▸ **WHAT YOU NEED TO DO**:
Images do not belong in the copy. Set down all the entries exactly.

▸ **PROVIDED DATA**:
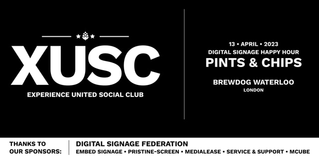 We are hosting a XUSC Digital Signage Happy Hour on April 13th in London from 17:30 to 20H. Join us at Brewdog Waterloo for a lively evening of pints, chips, and conversation with fellow Digital Signage friends and colleagues!
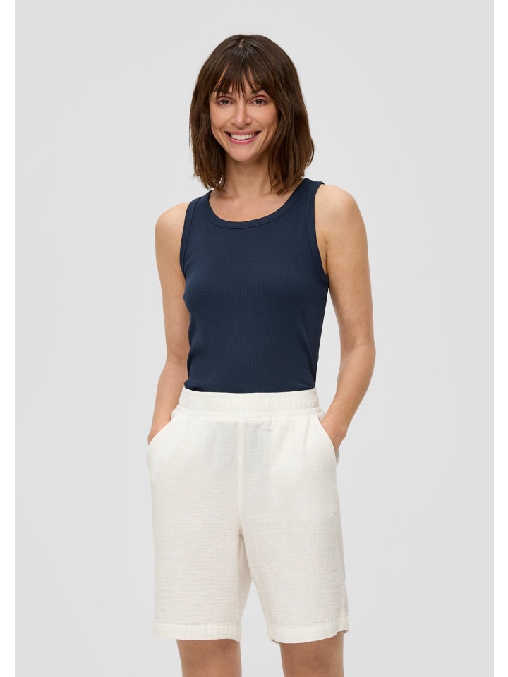 Эта эластичная майка в рубчик - идеальный выбор для жарких летних дней. Облегающий крой, круглый вырез и без рукавов, выполнен из комфортной смеси хлопка и эластана. Носите ее с шортами или под кардиганом для стильного многослойного образа. Приобретайте ее прямо сейчас и получите эту универсальную базовую модель!
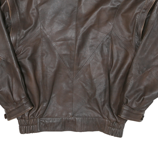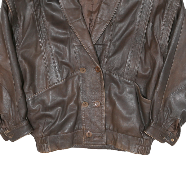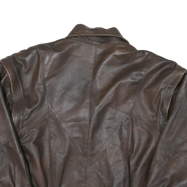 Womens brown leather button jacket l woven relaxed fit stylish casual outerwear
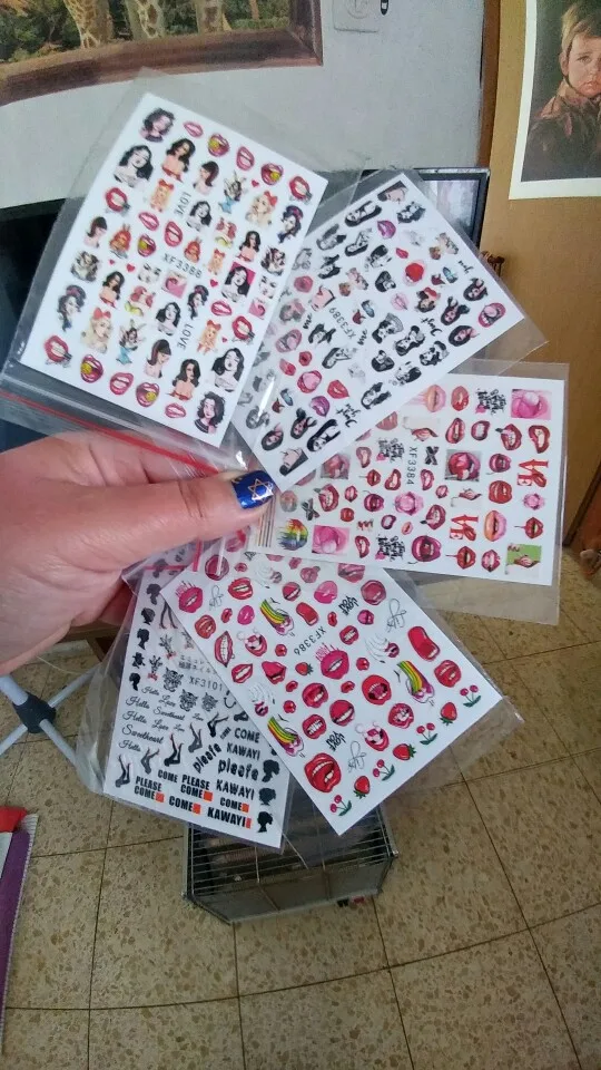 товар пришел быстро, наклейки нравятся,но от основной части отходят не полностью,не очень хорошо ложатся на ногти,
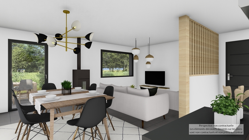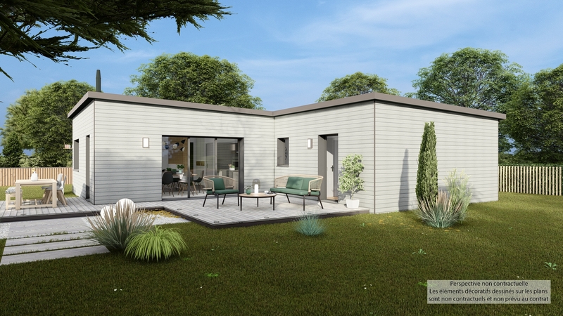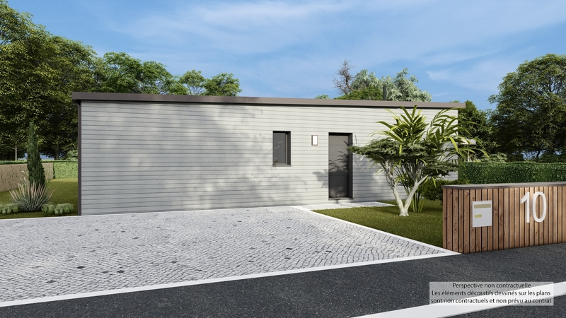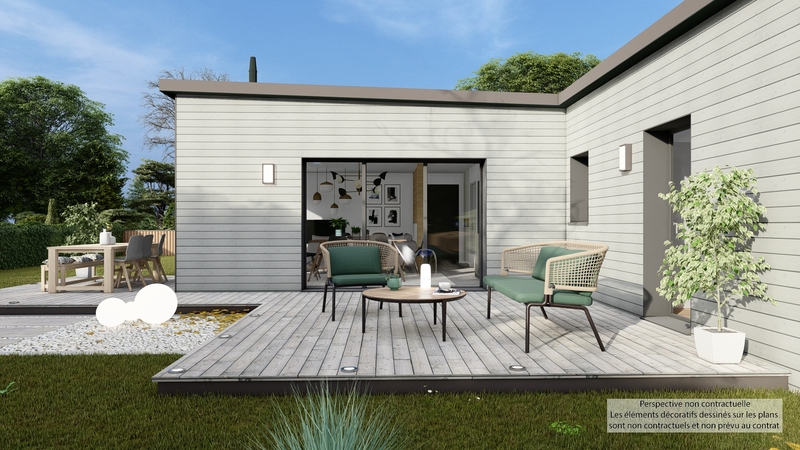 Maison design de plain-pied, écologique bas carbone et très basse consommation d'énergie à ossature bois et bardage bois. D'une surface de 98 m², elle est composée d'une grande pièce de vie lumineuse avec cuisine ouverte, d'un cellier/buanderie, d'une entrée avec prenderie, de 3 chambres dont une suite parentale avec dressing et salle d'eau, d'un espace bureau / multimédia, d'une salle de bains, d'un WC suspendu indépendant avec petite fenêtre. Belles prestations comprenant menuiseries gris RAL 2900, poële à granulés, ventilation Healthbox 3.0 Hydro, 6 panneaux photovoltaïques LONGI avec revente, domotique, carrelage 60x60 et imitation parquet.
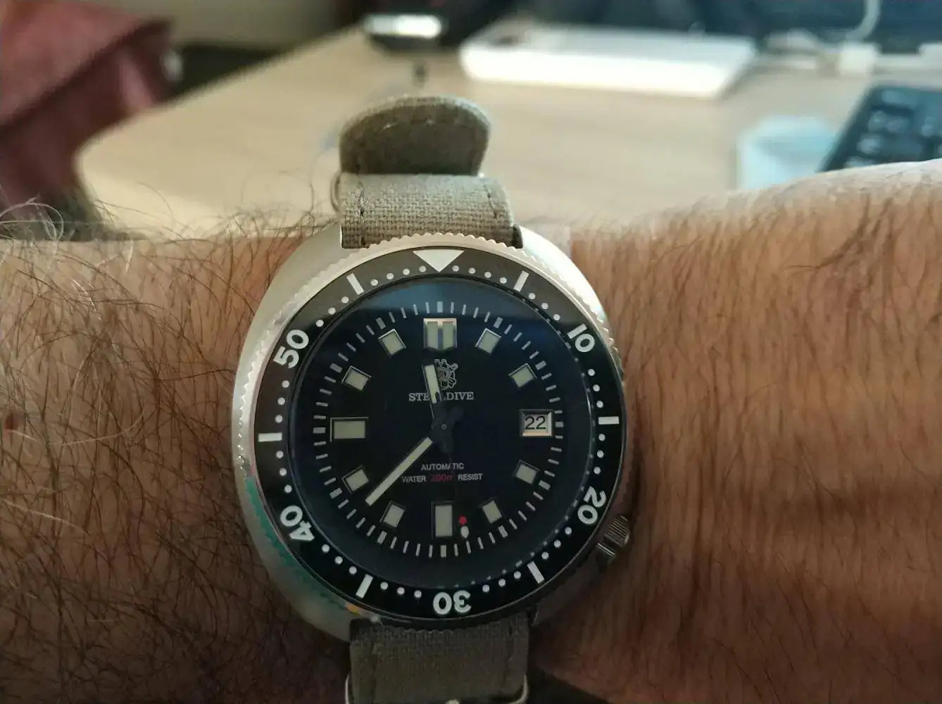 Tambien hay otros como este diver tortuga que estan ofreciendo precios mas bajos que el sanmartin por ejemplo este steeldive NH35 bisel cerámico, cristal de zafiro y acero 316L

▸ **THE ANSWER**:
 We are hosting a XUSC Digital Signage Happy Hour on April 13th in London from 17:30 to 20H. Join us at Brewdog Waterloo for a lively evening of pints, chips, and conversation with fellow Digital Signage friends and colleagues!
 Эта эластичная майка в рубчик - идеальный выбор для жарких летних дней. Облегающий крой, круглый вырез и без рукавов, выполнен из комфортной смеси хлопка и эластана. Носите ее с шортами или под кардиганом для стильного многослойного образа. Приобретайте ее прямо сейчас и получите эту универсальную базовую модель!
 Womens brown leather button jacket l woven relaxed fit stylish casual outerwear
 товар пришел быстро, наклейки нравятся,но от основной части отходят не полностью,не очень хорошо ложатся на ногти,
 Maison design de plain-pied, écologique bas carbone et très basse consommation d'énergie à ossature bois et bardage bois. D'une surface de 98 m², elle est composée d'une grande pièce de vie lumineuse avec cuisine ouverte, d'un cellier/buanderie, d'une entrée avec prenderie, de 3 chambres dont une suite parentale avec dressing et salle d'eau, d'un espace bureau / multimédia, d'une salle de bains, d'un WC suspendu indépendant avec petite fenêtre. Belles prestations comprenant menuiseries gris RAL 2900, poële à granulés, ventilation Healthbox 3.0 Hydro, 6 panneaux photovoltaïques LONGI avec revente, domotique, carrelage 60x60 et imitation parquet.
 Tambien hay otros como este diver tortuga que estan ofreciendo precios mas bajos que el sanmartin por ejemplo este steeldive NH35 bisel cerámico, cristal de zafiro y acero 316L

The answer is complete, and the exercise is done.